Fig. 1.4 This figure shows the difference between probe footprints. The top row shows a hockey stick (small footprint) probe on the wrist, and the cross-sectional image it generates. A sagittal image at the wrist from this probe is also included. The second row shows the standard probe and its cross-sectional image and sagittal image at the wrist for comparison. The bottom image is a direct comparison of the two types of probes. Note the extended field of view of the larger probe, which includes both the radial (R), and ulnar (U) arteries, and associated veins, the median nerve (M), and multiple tendons, whereas the smaller probe can only encompass the radial artery by sacrificing the lateral border of the median nerve. Notice how much more of the median nerve (and underlying bones in the hand) are apparent with the standard than hockey stick probe on the sagittal views. Note the reverberation artifact beneath the radius in the second row. Also note in the sagittal images that distal is to the left, as these are older images that do not follow standard convention.

Fig. 1.5 These images show the effects of compression on nerve and muscle. A, Both images are axial views of the median nerve at the distal wrist crease. Note that with minimal downward pressure (left image) and maximal downward pressure (right image) there is little change in nerve thickness or shape even though the distance between the nerve and radius is less with higher pressure. B, Both images are axial at the middle of the metacarpal (arrows) through the abductor pollicis brevis muscles. The left image is with minimal transducer pressure, the right image is with maximal transducer pressure. Note that the pressure decreases abductor pollicis brevis thickness by almost 50%. Maximal pressure at the carpal tunnel causes less deformation than over the abductor pollicis brevis because tendons and nerves are less compressible/displaceable than skleletal muscle.

Several simple adjustments can be made to change the display once the desired image is obtained.

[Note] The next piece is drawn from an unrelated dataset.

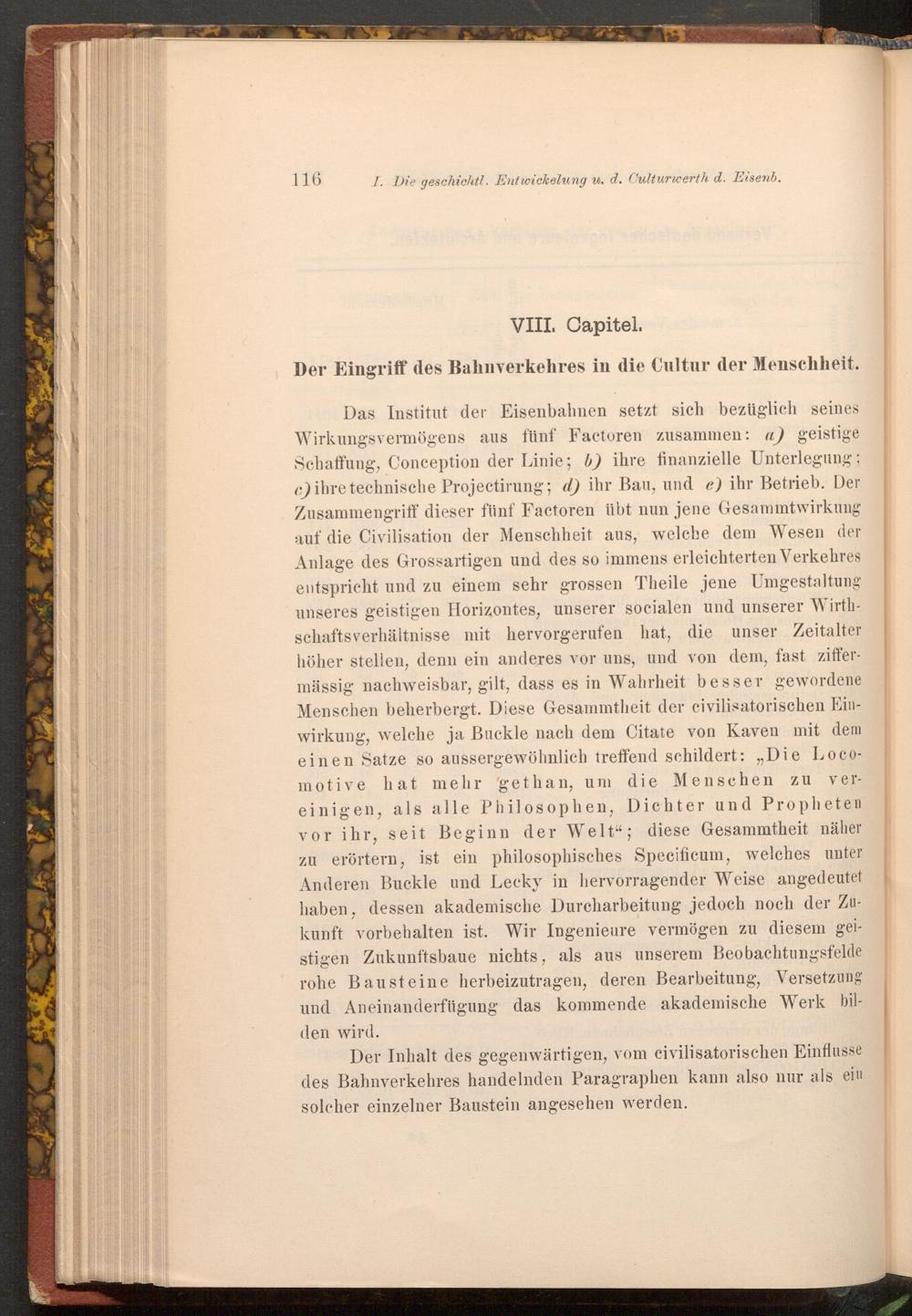 Das Institut der Eisenbahnen setzt sich bezüglich seines Wirkungsvermögens aus fünf Factoren zusammen: a) geistige Schaffung, Conception der Linie; b) ihre finanzielle Unterlegung; c) ihre technische Projectirung; d) ihr Bau, und e) ihr Betrieb. Der Zusammengriff dieser fünf Factoren übt nun jene Gesammtwirkung auf die Civilisation der Menschheit aus, welche dem Wesen der Anlage des Grossartigen und des so immens erleichterten Verkehres entspricht und zu einem sehr grossen Theile jene Umgestaltung unseres geistigen Horizontes, unserer socialen und unserer Wirthschaftsverhältnisse mit hervorgerufen hat, die unser Zeitalter höher stellen, denn ein anderes vor uns, und von dem, fast ziffermässig nachweisbar, gilt, dass es in Wahrheit besser gewordene Menschen beherbergt. Diese Gesammtheit der civilisatorischen Einwirkung, welche ja Buckle nach dem Citate von Kaven mit dem einen Satze so aussergewöhnlich treffend schildert:„ Die Locomotive hat mehr gethan, um die Menschen zu einigen, als alle Philosophen, Dichter und Propheten vor ihr, seit Beginn der Welt"; diese Gesammtheit näher zu erörtern, ist ein philosophisches Specificum, welches unter Anderen Buckle und Lecky in hervorragender Weise angedeutet haben, dessen akademische Durcharbeitung jedoch noch der Zukunft vorbehalten ist. Wir Ingenieure vermögen zu diesem geistigen Zukunftsbaue nichts, als aus unserem Beobachtungsfelde rohe Bausteine herbeizutragen, deren Bearbeitung, Versetzung und Aneinanderfügung das kommende akademische Werk bilden wird.

One knob on the ultrasound instrument panel adjusts the depth of the field of view.³ The depth should be sufficient to encompass the structure(s) of interest. The display screen is calibrated to indicate depth and serves as a useful reference in images for publication (see Fig. 1.4). The zoom feature of an instrument allows the user to focus in on the detail of interest, expanding it to encompass the screen with a slight improvement in resolution. Unlike MRI and CT, which are designed to automatically record standard body slices, ultrasound requires the operator to scan using multiple probe positions and angles and operating controls to capture the most informative two-dimensional (2D) images for documentation. Greater depth of field (low magnification) and zoom (higher magnification) are analogous to lens power on a microscope—lower magnification is useful for orientation and screening for abnormalities, and higher magnification is used to capture the essence of the pathologic change. If the pathology is diffuse, lower magnification (greater depth of field, as in the case of diffuse muscle pathology) may be preferred.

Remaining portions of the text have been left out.